Genome Sequencing, Assembly, and Taxonomic Classification
The sequencing library was prepared with 30 ng of total DNA using the Illumina Nextera DNA library preparation kit (Illumina, Inc.) and sequenced with MiSeq-Illumina platform (Illumina, Inc., San Diego, USA) using the MiSeq Reagent kit v2 (500-cycle format).
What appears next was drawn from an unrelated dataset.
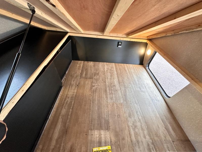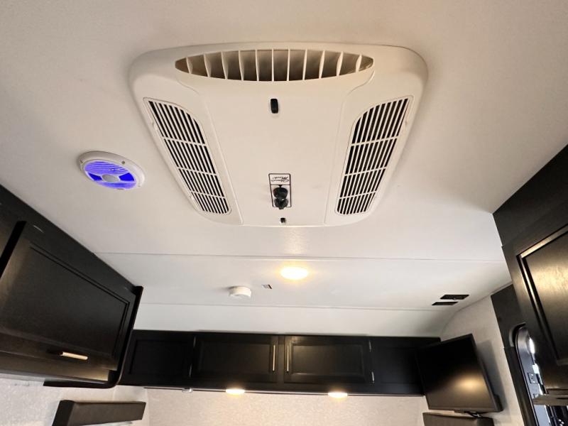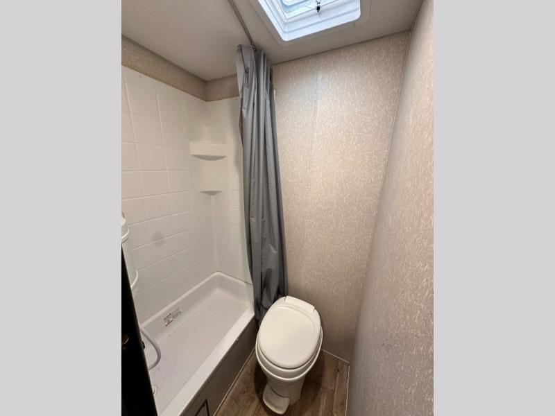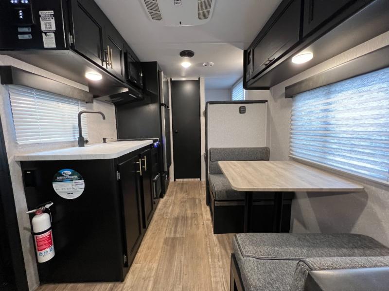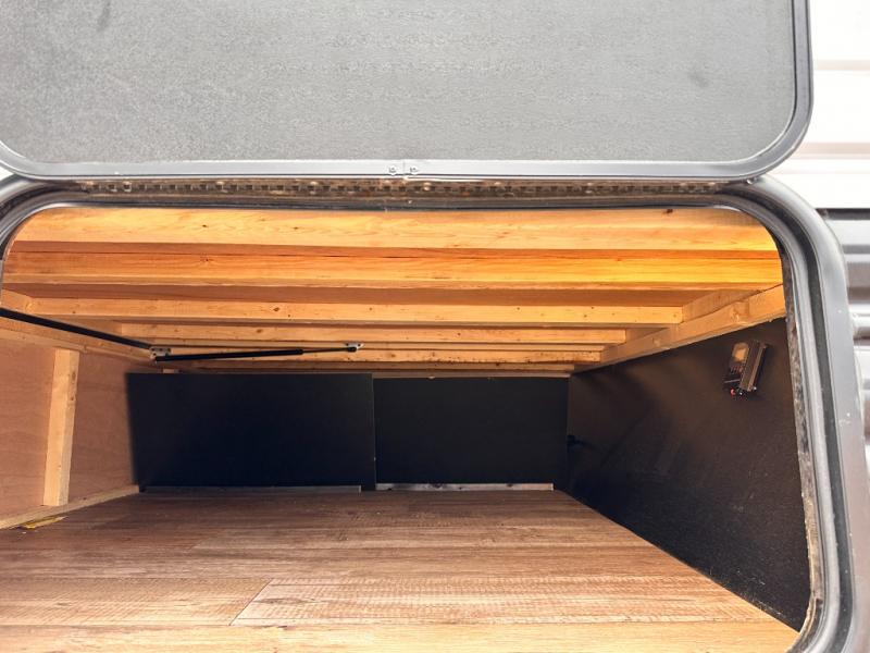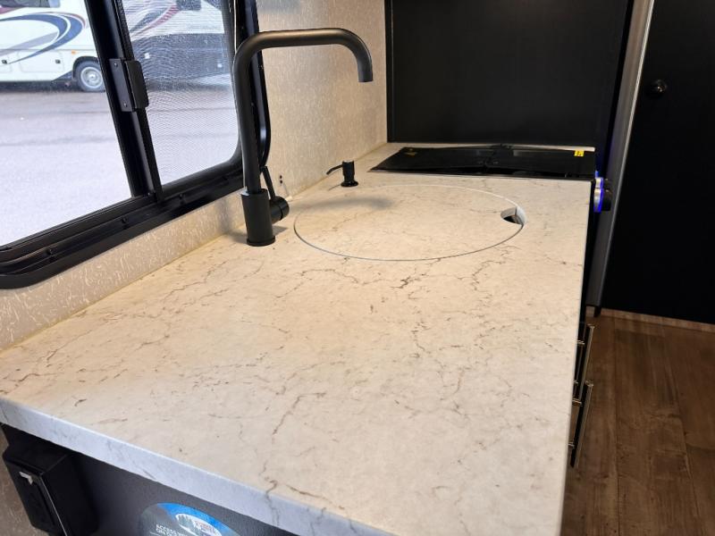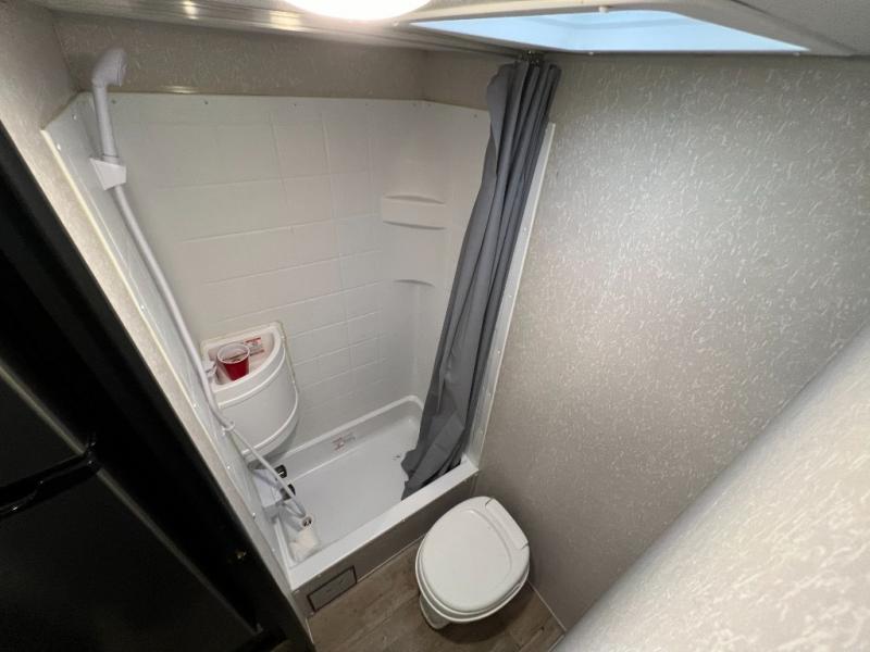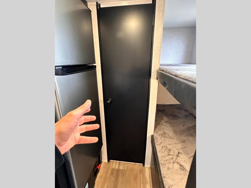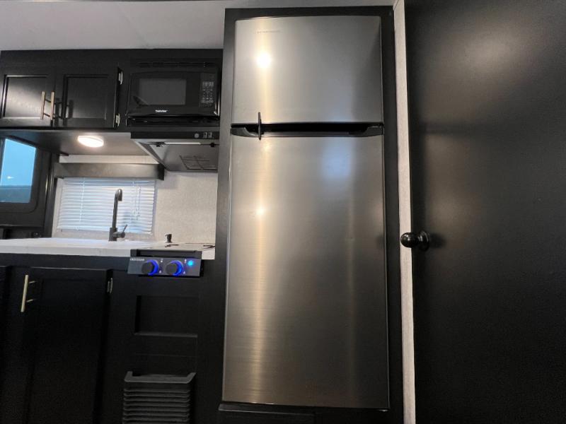 The whole family can sleep comfortably in this travel trailer! It has a set of bunk beds for the kids to sleep on with a TV mount location for extra entertainment, and you can sleep comfortably on the front queen bed with overhead cabinets and a shelf. There is even an exterior pack and play door that accesses the storage space under the bottom bunk. The chef will enjoy preparing their best home cooked meals either indoors with the high output cooktop or at the outside mini kitchen while staying protected by the 12' power awning, plus you have an outside TV mount location for added entertainment while you cook!

Paired-end (PE) reads were quality-filtered and trimmed (PHRED quality score ≥ 30) with Read_qc module from Metawrap (Uritskiy et al., 2018). De novo assembly was performed with the Metawrap Assembly module using metaSPAdes v. 3. 13 (Nurk et al., 2017). Assembled contigs were subjected to three different binning rounds using CONCOCT (Alneberg et al., 2014), MaxBin2 (Wu et al., 2016), and MetaBAT2 (Kang et al., 2019). The results were compared using the Bin_refinement module, and the highest-quality bins were selected. The genome statistics were obtained through CheckM (Parks et al., 2015). Digital DNA–DNA hybridization (DDH) values were calculated using the Genome-To-Genome Distance Calculator (GGDC) server (Meier-Kolthoff et al., 2013, 2014). GTDB-TK (Chaumeil et al., 2020) and Classify_bins from metaWRAP (Uritskiy et al., 2018) were used to do the genomic classification (Supplementary Table 1). All parameters were kept at default values.
Phylogenetic Analysis
A phylogenomic tree of strain GBBB05 closely related genomes was constructed using the Species Tree App present in KBase (Arkin et al., 2018). Further phylogenetic analysis was performed using the GBBB05 16S rRNA partial sequence retrieved from its genome assembly plus 89 partial 16S rRNA sequences from various strains of the Leptolyngbyaceae family and Gloeobacter genus, retrieved from the NCBI. The nucleotide substitution model used was SYM+G, determined by PAUP 4.0b101 and MrModeltest 2 (Nylander, 2004). The tree was constructed using MrBayes 3.2.6 (Ronquist et al., 2012), running with 107 generations, sampling every 100th iteration. TRACER 1.6 (Rambaut et al., 2018) was used to check the performance of tree construction with all parameters at default settings.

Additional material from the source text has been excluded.